Your job is to give again, exactly and with no additions, the lines in the records below from the one with "Cute red foxes" through the one with "This solid USB", both included. Omit the pictures.

PROVIDED RECORDS:
- - - - -

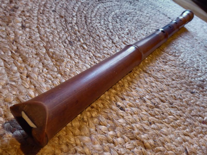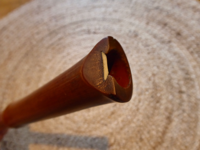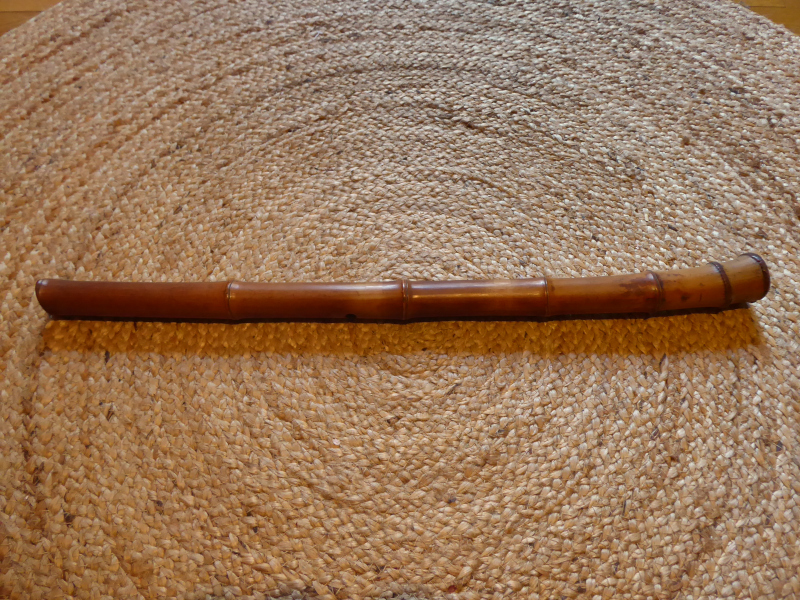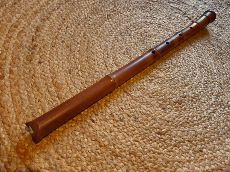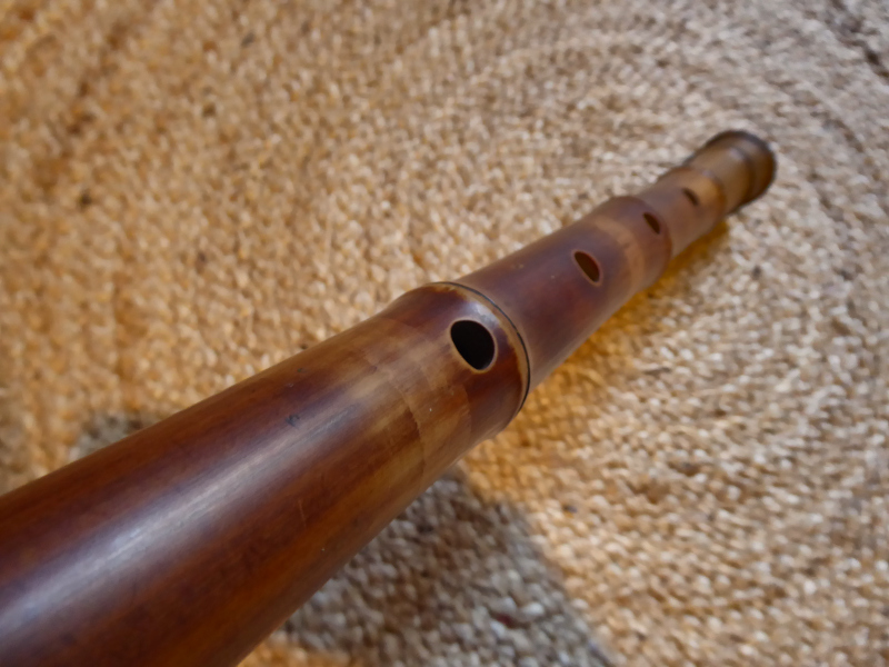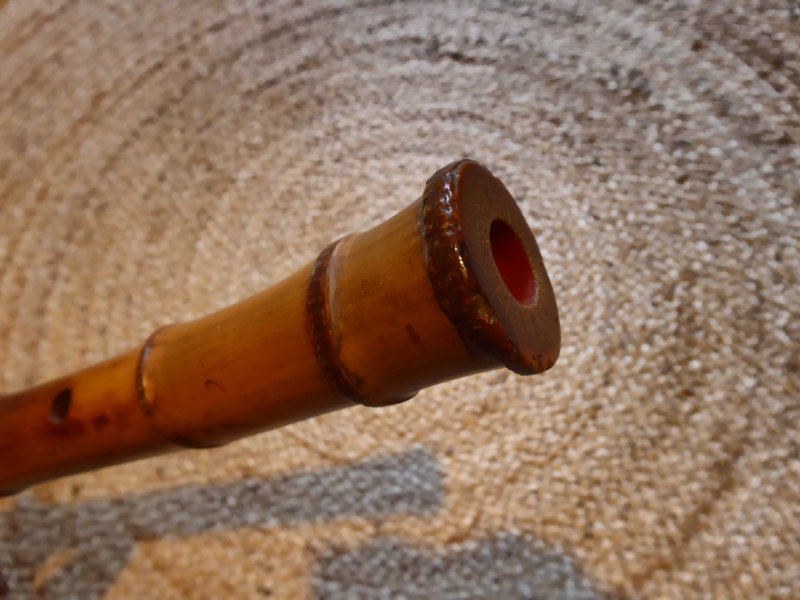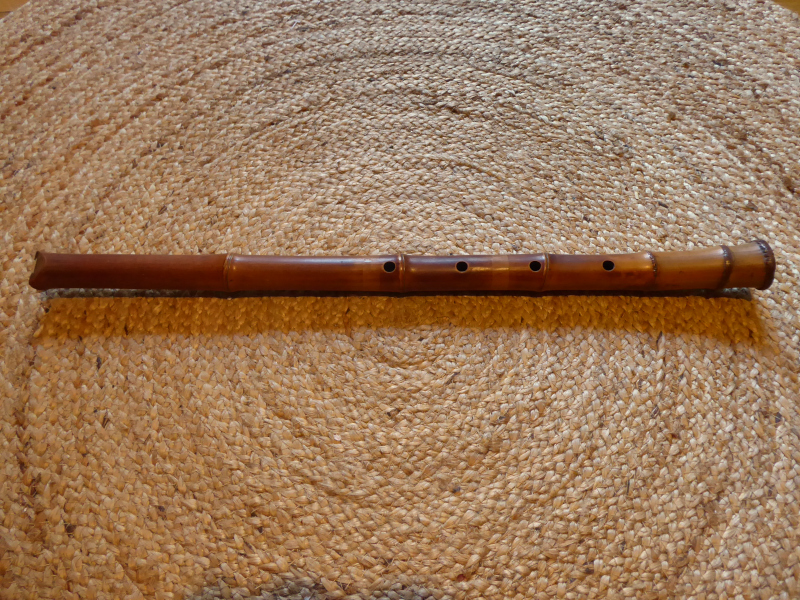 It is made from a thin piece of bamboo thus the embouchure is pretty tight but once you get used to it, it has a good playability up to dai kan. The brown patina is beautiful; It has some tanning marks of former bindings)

- - - - -

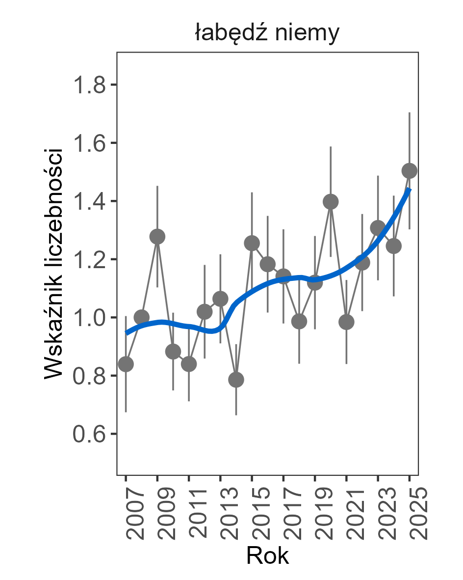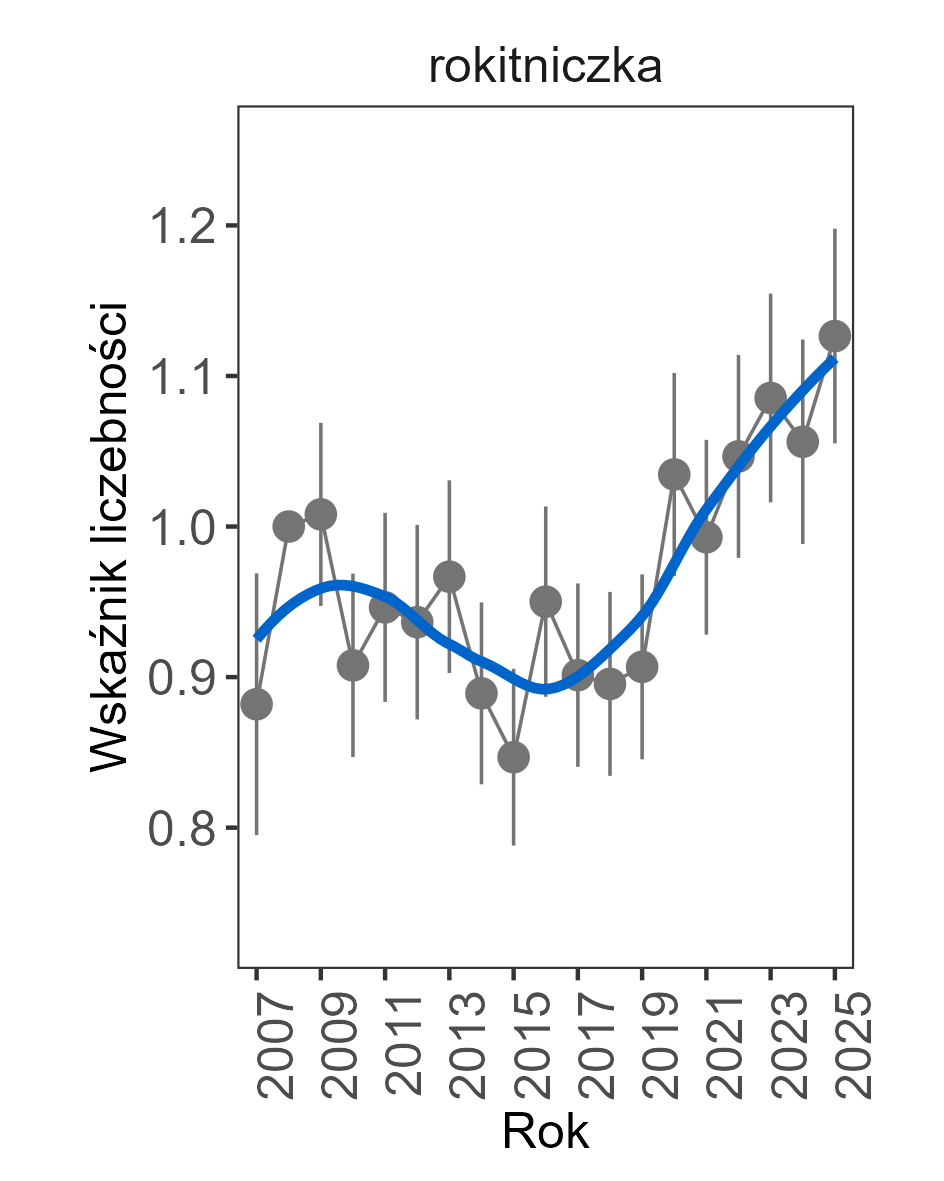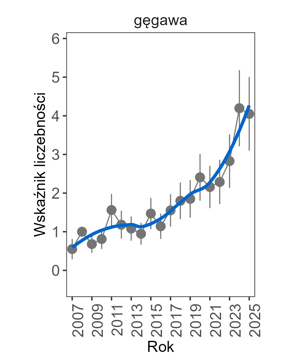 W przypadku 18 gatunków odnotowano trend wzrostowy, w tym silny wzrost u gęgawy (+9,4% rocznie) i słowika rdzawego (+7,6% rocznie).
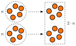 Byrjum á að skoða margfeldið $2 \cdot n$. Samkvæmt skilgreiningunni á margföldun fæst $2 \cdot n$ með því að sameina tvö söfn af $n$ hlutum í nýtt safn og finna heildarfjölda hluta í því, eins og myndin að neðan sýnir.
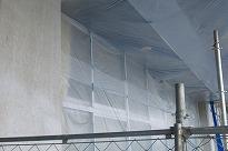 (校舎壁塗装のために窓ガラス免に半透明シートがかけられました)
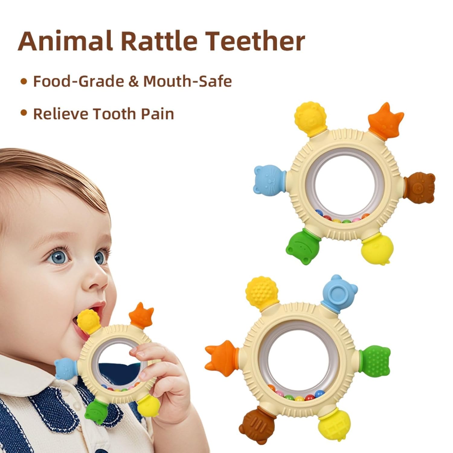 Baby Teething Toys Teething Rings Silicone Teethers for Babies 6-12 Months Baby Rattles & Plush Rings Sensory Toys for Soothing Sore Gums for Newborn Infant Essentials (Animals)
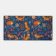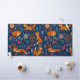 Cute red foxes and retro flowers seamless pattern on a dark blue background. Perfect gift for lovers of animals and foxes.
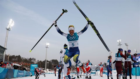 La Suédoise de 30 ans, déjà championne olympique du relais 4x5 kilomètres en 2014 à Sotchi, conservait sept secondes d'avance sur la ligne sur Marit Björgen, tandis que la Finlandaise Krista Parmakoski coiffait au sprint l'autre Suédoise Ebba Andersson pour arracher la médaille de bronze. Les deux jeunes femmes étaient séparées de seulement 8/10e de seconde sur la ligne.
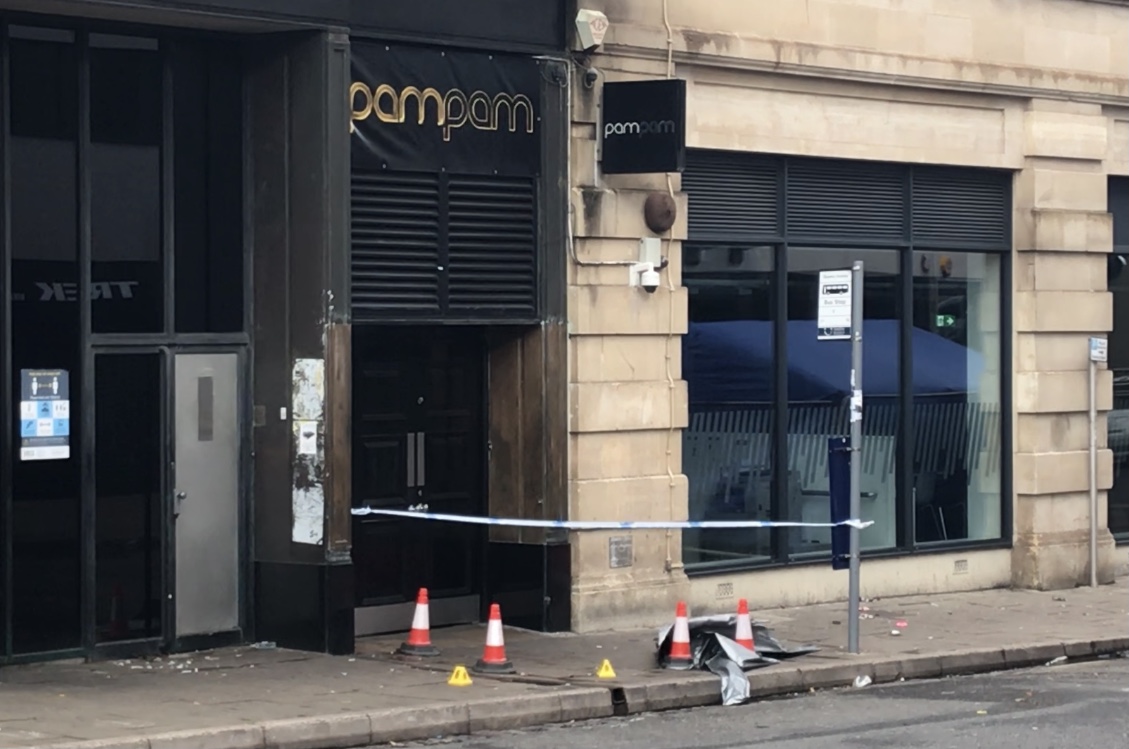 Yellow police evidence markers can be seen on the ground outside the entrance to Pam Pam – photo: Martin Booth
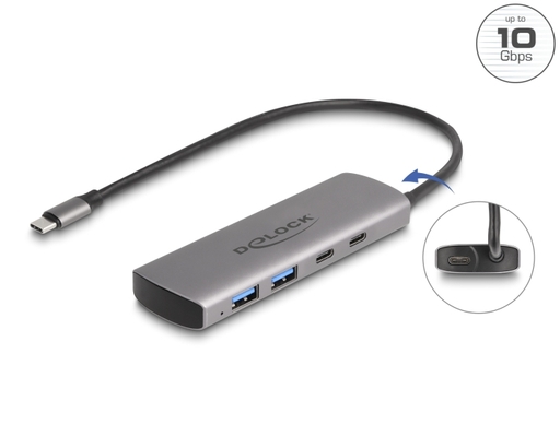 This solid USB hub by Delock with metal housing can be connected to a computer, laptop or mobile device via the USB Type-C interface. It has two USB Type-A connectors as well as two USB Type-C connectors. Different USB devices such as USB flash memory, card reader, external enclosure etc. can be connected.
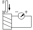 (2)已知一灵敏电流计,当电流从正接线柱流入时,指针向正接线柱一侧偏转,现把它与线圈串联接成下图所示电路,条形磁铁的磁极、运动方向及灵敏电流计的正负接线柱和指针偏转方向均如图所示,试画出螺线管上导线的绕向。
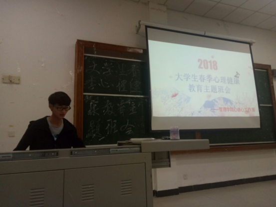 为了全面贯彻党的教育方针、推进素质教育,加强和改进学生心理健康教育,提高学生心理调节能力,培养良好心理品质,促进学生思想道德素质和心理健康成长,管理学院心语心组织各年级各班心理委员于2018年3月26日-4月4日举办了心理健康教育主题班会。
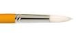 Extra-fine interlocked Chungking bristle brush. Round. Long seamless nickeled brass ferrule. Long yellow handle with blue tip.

- - - - -

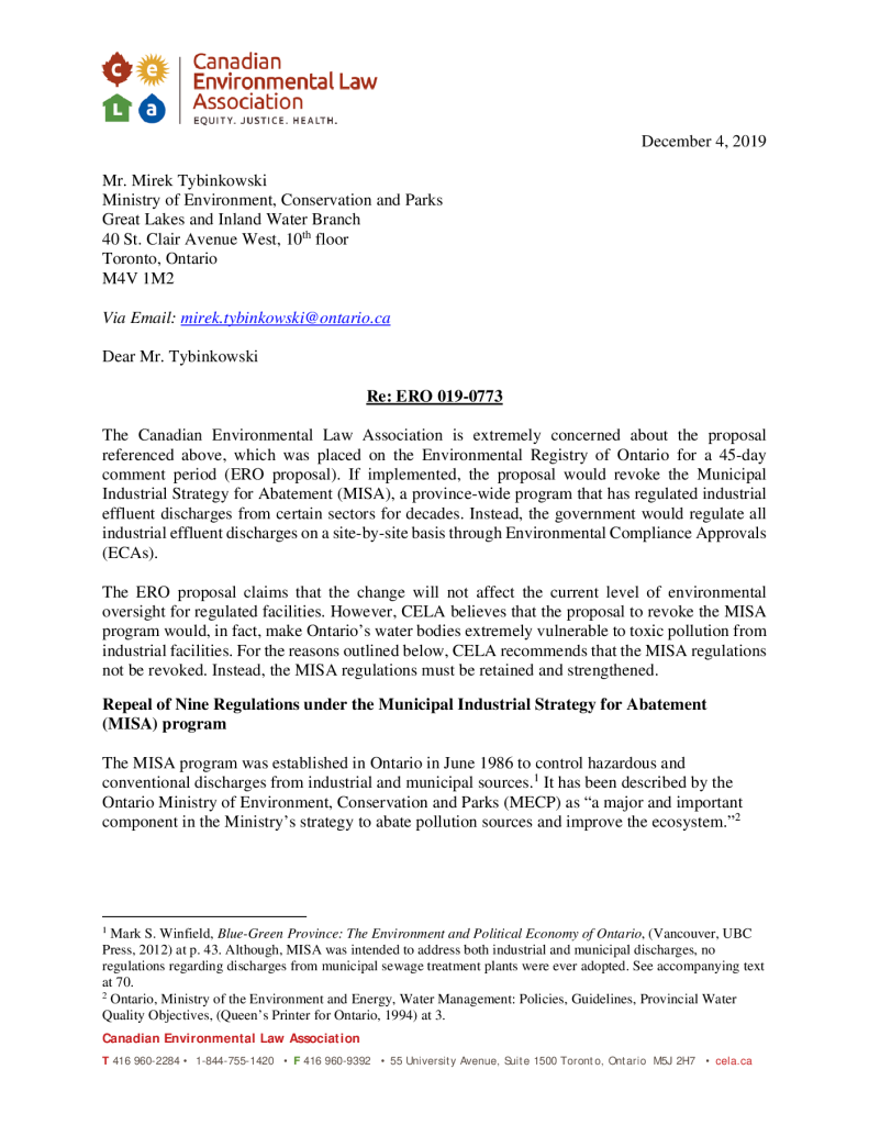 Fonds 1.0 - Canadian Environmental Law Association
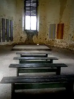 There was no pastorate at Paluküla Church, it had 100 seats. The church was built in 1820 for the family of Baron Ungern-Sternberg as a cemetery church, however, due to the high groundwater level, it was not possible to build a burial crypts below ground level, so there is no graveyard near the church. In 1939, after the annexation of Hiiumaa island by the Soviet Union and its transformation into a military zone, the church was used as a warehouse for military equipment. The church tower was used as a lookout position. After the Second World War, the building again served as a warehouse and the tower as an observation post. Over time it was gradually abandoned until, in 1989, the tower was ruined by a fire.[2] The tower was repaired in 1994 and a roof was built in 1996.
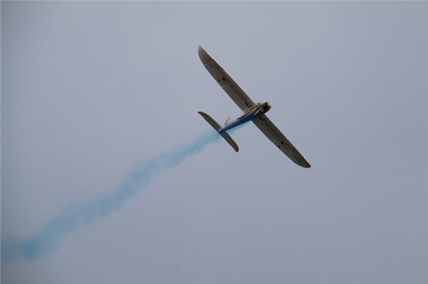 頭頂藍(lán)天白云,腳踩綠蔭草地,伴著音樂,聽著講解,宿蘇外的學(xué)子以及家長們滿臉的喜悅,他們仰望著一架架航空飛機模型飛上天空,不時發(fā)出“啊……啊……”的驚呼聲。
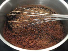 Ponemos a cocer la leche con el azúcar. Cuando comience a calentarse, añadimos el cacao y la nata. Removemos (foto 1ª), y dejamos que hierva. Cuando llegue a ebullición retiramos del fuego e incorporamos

- - - - -

OUTPUT FOR THIS TASK:
 Cute red foxes and retro flowers seamless pattern on a dark blue background. Perfect gift for lovers of animals and foxes.
 La Suédoise de 30 ans, déjà championne olympique du relais 4x5 kilomètres en 2014 à Sotchi, conservait sept secondes d'avance sur la ligne sur Marit Björgen, tandis que la Finlandaise Krista Parmakoski coiffait au sprint l'autre Suédoise Ebba Andersson pour arracher la médaille de bronze. Les deux jeunes femmes étaient séparées de seulement 8/10e de seconde sur la ligne.
 Yellow police evidence markers can be seen on the ground outside the entrance to Pam Pam – photo: Martin Booth
 This solid USB hub by Delock with metal housing can be connected to a computer, laptop or mobile device via the USB Type-C interface. It has two USB Type-A connectors as well as two USB Type-C connectors. Different USB devices such as USB flash memory, card reader, external enclosure etc. can be connected.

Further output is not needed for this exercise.